Zulip Chat Archive
Stream: general
Topic: Mutable Value Semantics vs. FBIP
Somo S. (Aug 05 2023 at 09:16):
Does anyone know how Mutable Value Semantics (MVS) differs from Lean4's Functional But In-Place (FBIP) paradigm?
MVS is implemented in val-lang and defined in this paper.
Mario Carneiro (Aug 05 2023 at 11:51):
Lean does not have anything like MVS. From what I can tell by reading the paper, this is a way of indicating that a value or part of a value is mutable and there are operations that perform mutations of the parts. By contrast, FBIP is an optimization, where the user writes code that never mutates values explicitly, but certain patterns can reuse the storage of a consumed value and hence reconstruct mutation at the low level.

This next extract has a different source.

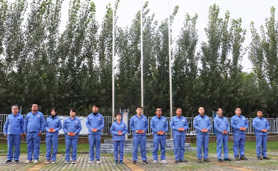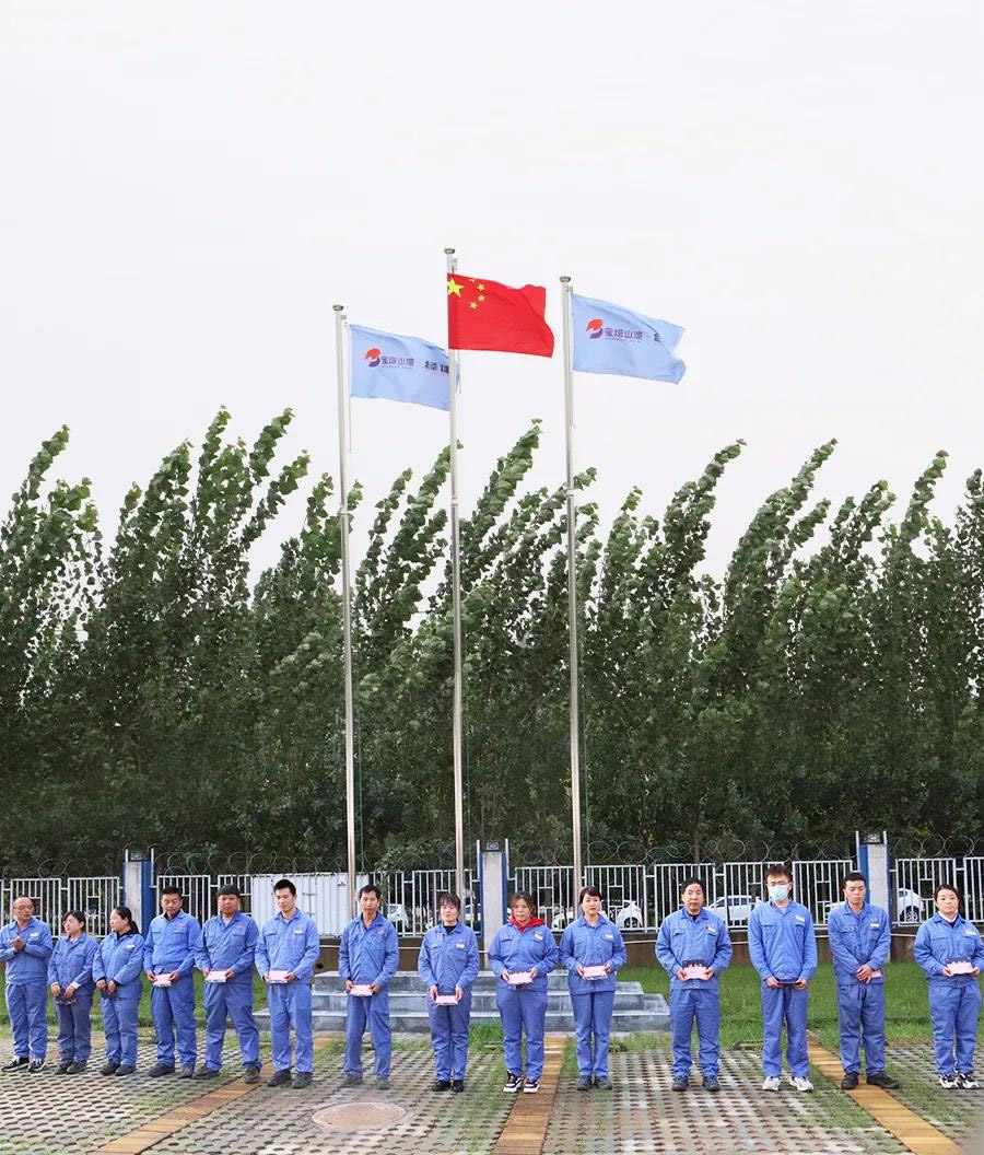 The autumn scenery of China is beautiful in October, the great changes in September celebrate the birthday, and the whole country celebrates the national day just past. Today we hold a flag raising ceremony to jointly wish the motherland prosperity. With the attention of all the staff and the solemn national anthem, the five-star red flag rose slowly, and then the factory flag of the economic construction company also fluttered in the wind.

There are advantages and disadvantages to making it an optimization instead of a change in semantics. An advantage is that the user doesn't have to be explicitly bothered about mutation, they can just write functional code (and reason about the code at that level) and the compiler does its best to make sense of the code. So it can fire even in code that is not using mutable variable patterns explicitly. A disadvantage is that because it is an optimization, you have no guarantee that it will occur, and small changes to the code or the compiler can cause spurious copies and performance instability. Lean has let mut
in the do
notation, but this is just syntax for (more or less) a state monad. It would be nice if it could include sufficient annotations so as to ensure FBIP; then one could achieve MVS by using let mut
and approved combinators.
Mauricio Collares (Aug 05 2023 at 12:57):
https://www.microsoft.com/en-us/research/uploads/prod/2023/07/fip.pdf is also related
Somo S. (Aug 06 2023 at 11:39):
@Mauricio Collares said:
https://www.microsoft.com/en-us/research/uploads/prod/2023/07/fip.pdf is also related
@Mario Carneiro said:
A disadvantage is that because it is an optimization, you have no guarantee that it will occur, and small changes to the code or the compiler can cause spurious copies and performance instability.

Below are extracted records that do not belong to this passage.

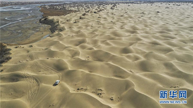 依明乘坐的汽車行駛在塔克拉瑪干沙漠中。從依明家坐車前往于田縣城,全程不足300公里,越野車需行駛7小時左右(3月19日無人機拍攝)。新華社記者 胡虎虎 攝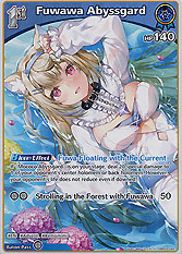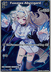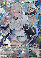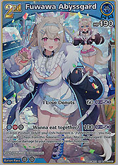 Arts 2:[BRN] Wanna eat together? (100) [P+50] [Center Position Only]If your Oshi holomem is "FUWAMOCO", you may reattach 1 cheer from this holomem to your "Mococo Abyssgard":Deal 50 special damage to your opponent's center holomem.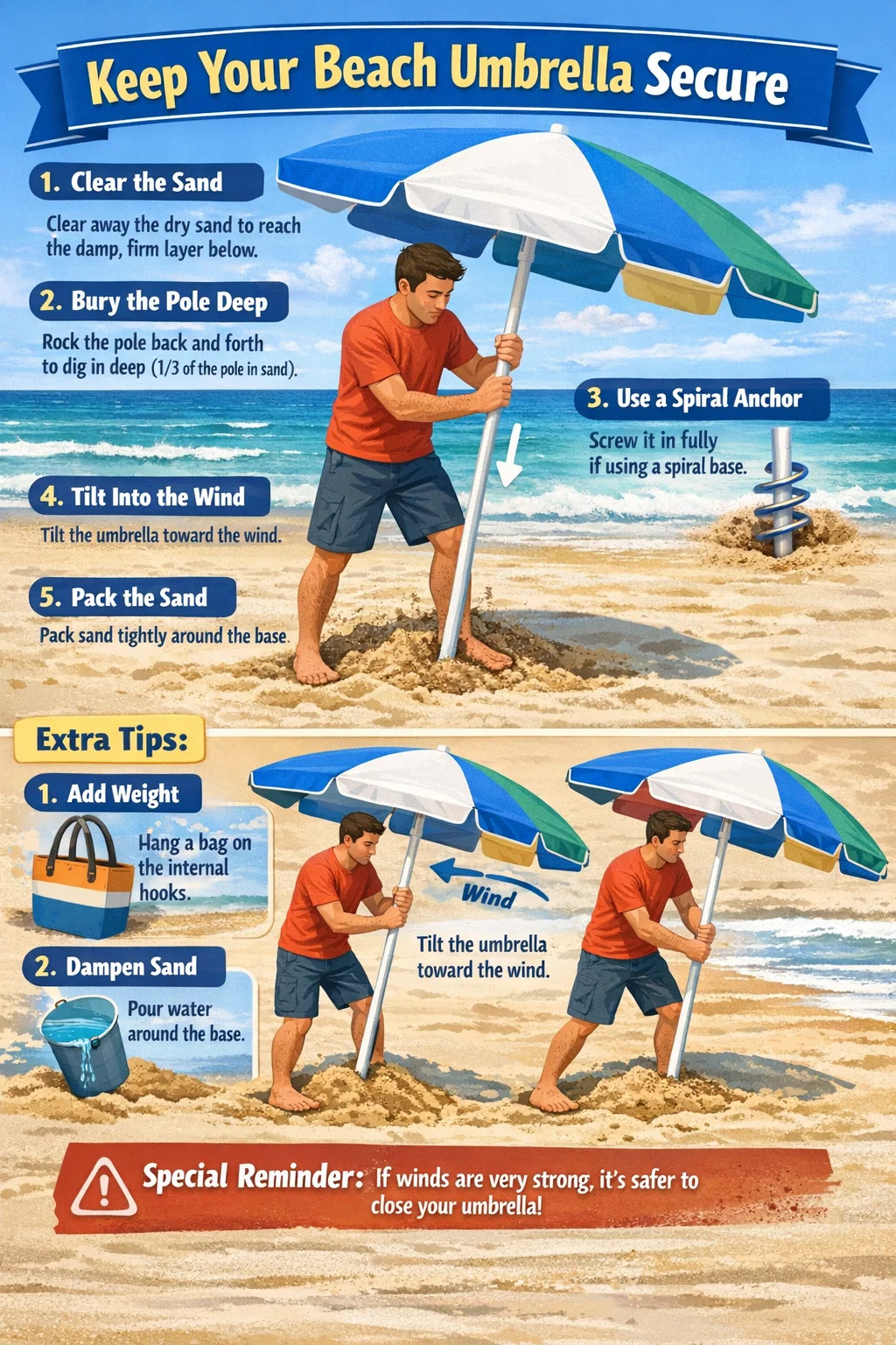 For å sikre din strandparasoll forblir stabil i havbrisen og blåses ikke bort, noen få installasjonstriks er avgjørende. Å følge disse trinnene vil redusere risikoen for at paraplyen din blir båret bort av vinden betydelig: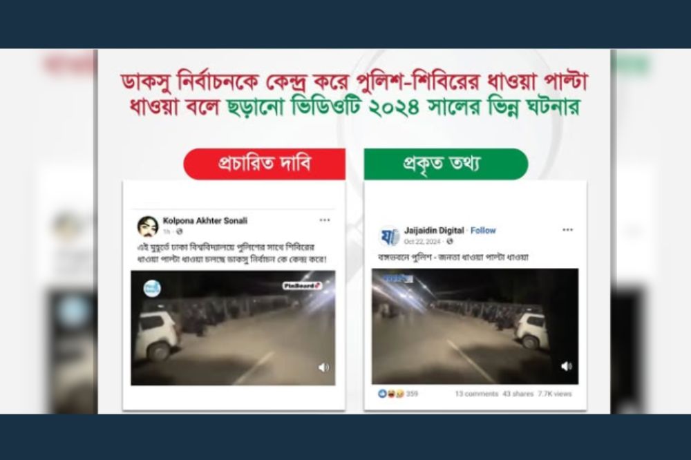ডাকসু নির্বাচনকে কেন্দ্র করে পুলিশ-শিবিরের ধাওয়া পাল্টা ধাওয়া বলে ছড়ানো ভিডিওটি ২০২৪ সালের ভিন্ন ঘটনার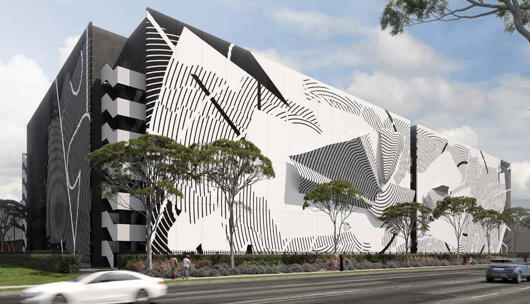 The project comprises ground and five suspended floors, in place of an existing on grade car park, and a covered roof top to support the solar array. Incorporated into the facility is a 665Kw solar system, electric car charging, rainwater reuse and recycled water system and HV upgrade.

My (crude) understanding of the new paper above is it provides precisely basis for making those guarantees? This is neat stuff thanks for sharing and explaining I'm quite new to all this.
Somo S. (Aug 06 2023 at 11:56):
I have been trying to get a better sense for how lean compares to Rust in terms of memory management (not safety but more along the lines of performance). I had initially thought FBIP is meant to offer the kinds of memory guarantees that rust compiler does.. But I see that that is not the case, ... perhaps if this newer FIP research is incorporated?
Henrik Böving (Aug 06 2023 at 11:59):
Rust is more in the uniqueness type corner. The master thesis by Marc Huisinga does explore these topics but it is sadly not integrated with the main system yet.
Max Nowak 🐉 (Aug 08 2023 at 15:02):
I’d love to explore some guaranteed compiler optimizations, akin to rust, with users having a lot of control (via the type system) how their lean code gets mapped to low level code.